= Problem statement =
Repeat word for word the lines from the top of the records through the line containing "깊이는 많은 구매자들이", and skip the pictures.

= Data section =

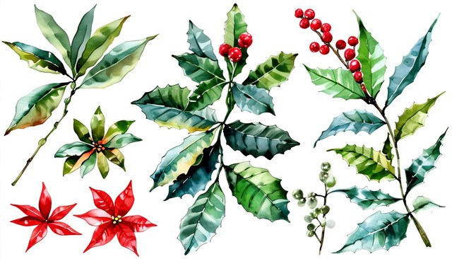 水彩圣诞植物。手绘植物元素孤立在白色背景。现代自然设计的分支。
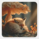 Pegatina Cuadrada El zorro rojo durmiendo bajo hongo gigante
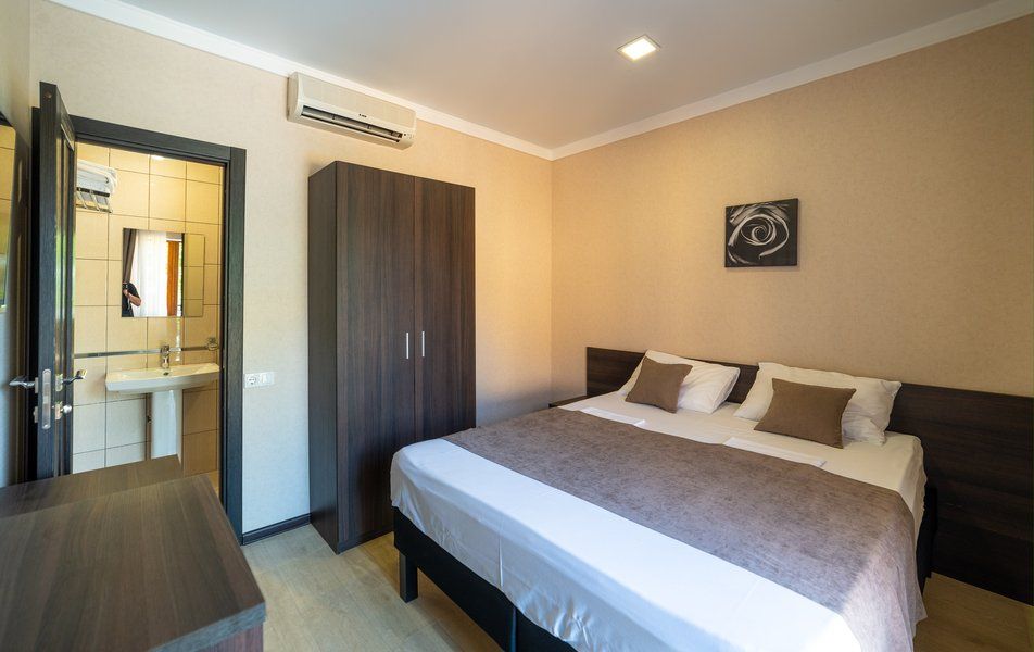 Двухэтажный дом разместился на Черноморской улице. В распоряжении гостей уютные номера с новым ремонтом разной категории комфорта. Во всех номерах есть мини-холодильник, телевизор, кондиционер и высокоскоростной интернет. Большинство номеров имеют собственные душевые комнаты, для остальных — санузел и душевые расположены на этаже. Для приготовления блюд гости могут воспользоваться общей кухней. В распоряжении гостей — большой охраняемый двор, открытый бассейн с зоной отдыха, кроме того, на территории обустроена детская площадка.
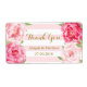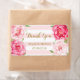 Wedding thank you labels in light pastel pink blush and white stripes with vintage pink watercolor flowers and gold colour text. Perfect for wedding favours or as wedding wine bottle labels.
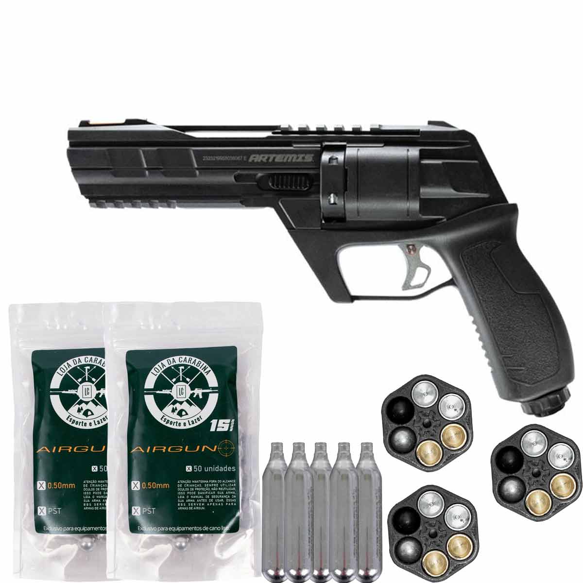 Revólver Paintball Co2 Artemis CP300 Defender .50 + Magazine 3D LC + Esferas 100Un + 5x Co2
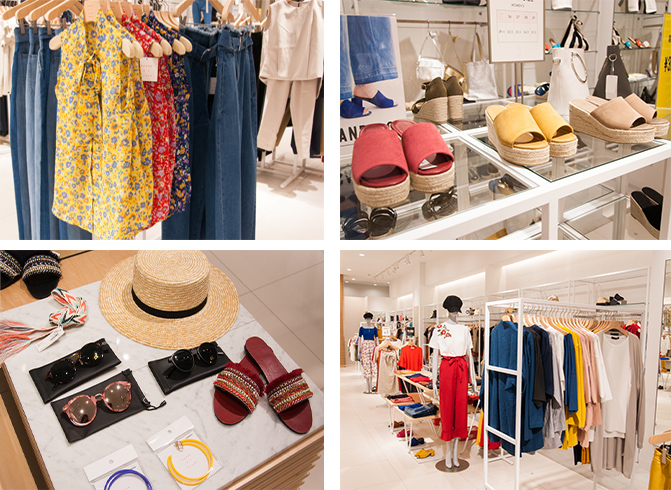 グローバルトレンドを、ファッション感度が高く好奇心旺盛なすべての男女に向け、より早くよりリーズナブルに展開。クリアでシンプルな空気を意識したコーディネートを、小物を含めトータルで提案いたします。(くずはモール公式サイトより)
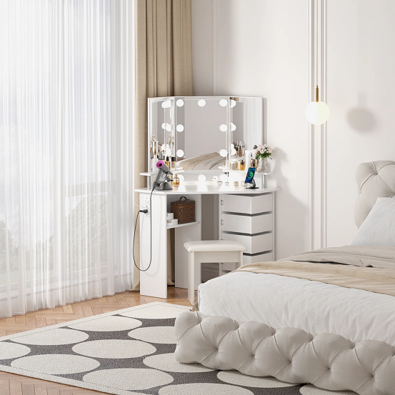 깊이는 많은 구매자들이 매일 사용하기 전까지는 간과하는 세부 사항입니다. 소형 공간용으로 설계된 서랍이 있는 메이크업 거울대는 일반적으로 35~45cm(14~18인치)의 깊이가 가장 적합합니다. 더 깊은 디자인은 수납 면에서 매력적으로 보일 수 있지만, 종종 새로운 문제를 야기합니다. 의자가 완전히 밀려들지 못하거나, 서랍이 주변 가구와 부딪히며 통로가 좁아지는 문제가 발생하죠. 얕은 깊이의 거울대는 보다 원활한 움직임과 더 편안한 일상 생활을 지원합니다.
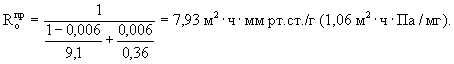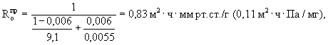 Следующим этапом расчетов является учет воздухозаборных отверстий приведенной площадью S = 0,006 м2 на 1 м2 экрана. Условное приведенное сопротивление паропроницанию определяется по формуле (21): при ηш = 6,5
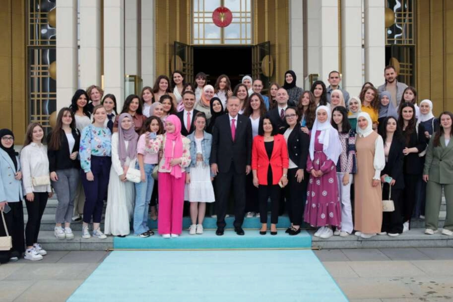 ANKARA (İGFA) - Cumhurbaşkanı Recep Tayyip Erdoğan, Sırbistan'ın Sancak bölgesinde bulunan Novi Pazar Türk Kültür Merkezi öğrencilerini, Cumhurbaşkanlığı Külliyesi'nde kabul etti.

= Answer section =
 水彩圣诞植物。手绘植物元素孤立在白色背景。现代自然设计的分支。
 Pegatina Cuadrada El zorro rojo durmiendo bajo hongo gigante
 Двухэтажный дом разместился на Черноморской улице. В распоряжении гостей уютные номера с новым ремонтом разной категории комфорта. Во всех номерах есть мини-холодильник, телевизор, кондиционер и высокоскоростной интернет. Большинство номеров имеют собственные душевые комнаты, для остальных — санузел и душевые расположены на этаже. Для приготовления блюд гости могут воспользоваться общей кухней. В распоряжении гостей — большой охраняемый двор, открытый бассейн с зоной отдыха, кроме того, на территории обустроена детская площадка.
 Wedding thank you labels in light pastel pink blush and white stripes with vintage pink watercolor flowers and gold colour text. Perfect for wedding favours or as wedding wine bottle labels.
 Revólver Paintball Co2 Artemis CP300 Defender .50 + Magazine 3D LC + Esferas 100Un + 5x Co2
 グローバルトレンドを、ファッション感度が高く好奇心旺盛なすべての男女に向け、より早くよりリーズナブルに展開。クリアでシンプルな空気を意識したコーディネートを、小物を含めトータルで提案いたします。(くずはモール公式サイトより)
 깊이는 많은 구매자들이 매일 사용하기 전까지는 간과하는 세부 사항입니다. 소형 공간용으로 설계된 서랍이 있는 메이크업 거울대는 일반적으로 35~45cm(14~18인치)의 깊이가 가장 적합합니다. 더 깊은 디자인은 수납 면에서 매력적으로 보일 수 있지만, 종종 새로운 문제를 야기합니다. 의자가 완전히 밀려들지 못하거나, 서랍이 주변 가구와 부딪히며 통로가 좁아지는 문제가 발생하죠. 얕은 깊이의 거울대는 보다 원활한 움직임과 더 편안한 일상 생활을 지원합니다.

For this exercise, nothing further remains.